Hugging meditation is something I invented. In 1966, a friend drove me to the Atlanta airport, and when we were saying goodbye, she asked, “Is it all right to hug a Buddhist monk?” In my country, we are not used to expressing ourselves this way in public. But I thought, “I am a Zen teacher. It shouldn’t be a problem for me to do this.” So, I said, “Why not?” and she hugged me, but I was rather stiff. Later, on the plane, I decided that if I wanted to work with friends in the West, I would have to learn the culture of the West. That is why I invented hugging meditation.
Hugging in public is a Western practice. Meditation, conscious breathing, is an Eastern practice. The two come together in hugging meditation. I think it’s a good combination. For Buddhist practice to be rooted in the West, new dharma doors should be opened. I think hugging meditation can be considered one of these doors. The practice of mindful hugging has helped so many people to reconcile with each other. When we hug, our hearts connect and we know that we are not separate beings.
It’s a pleasure to hug someone we love. But don’t think it’s something easy. Maybe we want to hug the other person, but they aren’t available—they’re caught in their anger, worries, or projects. Hugging is a deep practice and both people need to be completely present to do it correctly. That’s why it’s not always easy. So, we have to learn how.
Hugging meditation is a chance to practice our awareness of impermanence. Each time we hug, we know it may be the last time. Our deep awareness of the impermanent nature of things inspires us to be very mindful, and we naturally hug each other in a deep, authentic way, appreciating each other completely. This can be a good meditation to practice when you are angry with each other.
Close your eyes and practice breathing in and out to bring your insight of impermanence to life. Visualize yourself and your loved one three hundred years from now. Where will you be? In that moment, you know the only meaningful thing to do is to open your arms and hug the other person.
The first thing to do is to make yourself available.

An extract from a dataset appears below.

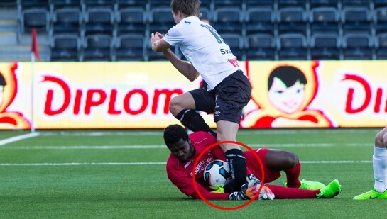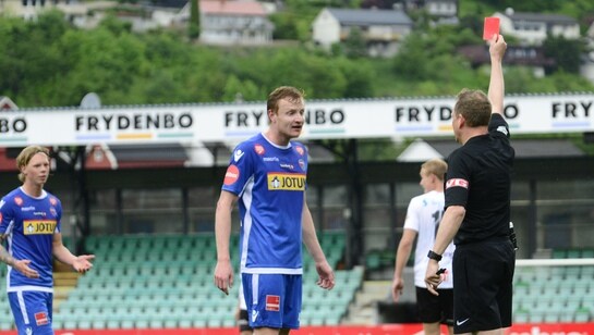 FOSSHAUGANE (NRK): Sandefjord-spelar Christer Hansen laga straffe og vart utvist for Sandefjord. – Eg var ikkje nær han, seier Hansen. No vil Sandefjord levera protest på utvisinga.
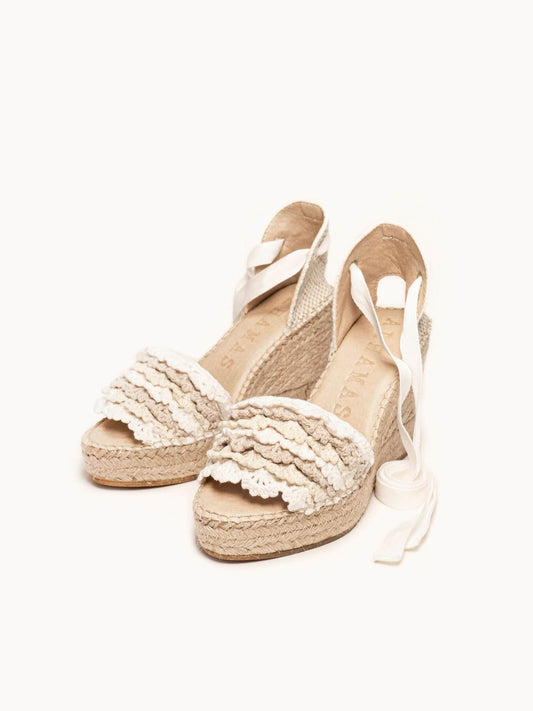 Aulaga Cuña Alta Volantes Ganchillo Blanco

Breathe in and out, and come back to the present moment, so you are really there. Then go to the person you want to hug and bow to them. If they have practiced mindfulness, then they will do their best to abandon the things that are possessing them and make themselves available to you. They will smile and bow, and you will know that they are available. Now hugging is possible.
Stand facing each other with your palms joined, breathing in and out three times. You can say silently:
Breathing in, I know that life is precious in this moment.
Breathing out, I cherish this moment of life.
Take the person in your arms. While hugging, breathe consciously and hug with all your body, spirit, and heart. While you hold the other person, they become real, and you also become real. You can say silently something like this:
Breathing in, my loved one is in my arms. Breathing out, I am so happy.
Breathing in, they are alive. Breathing out, it is so precious to be alive together.
Breathing in, it is so wonderful to have them in my arms. Breathing out, I am very happy.
You may then release the other person and bow to each other to show thanks.
This instruction is an edited excerpt from Thich Nhat Hanh’s dharma talks.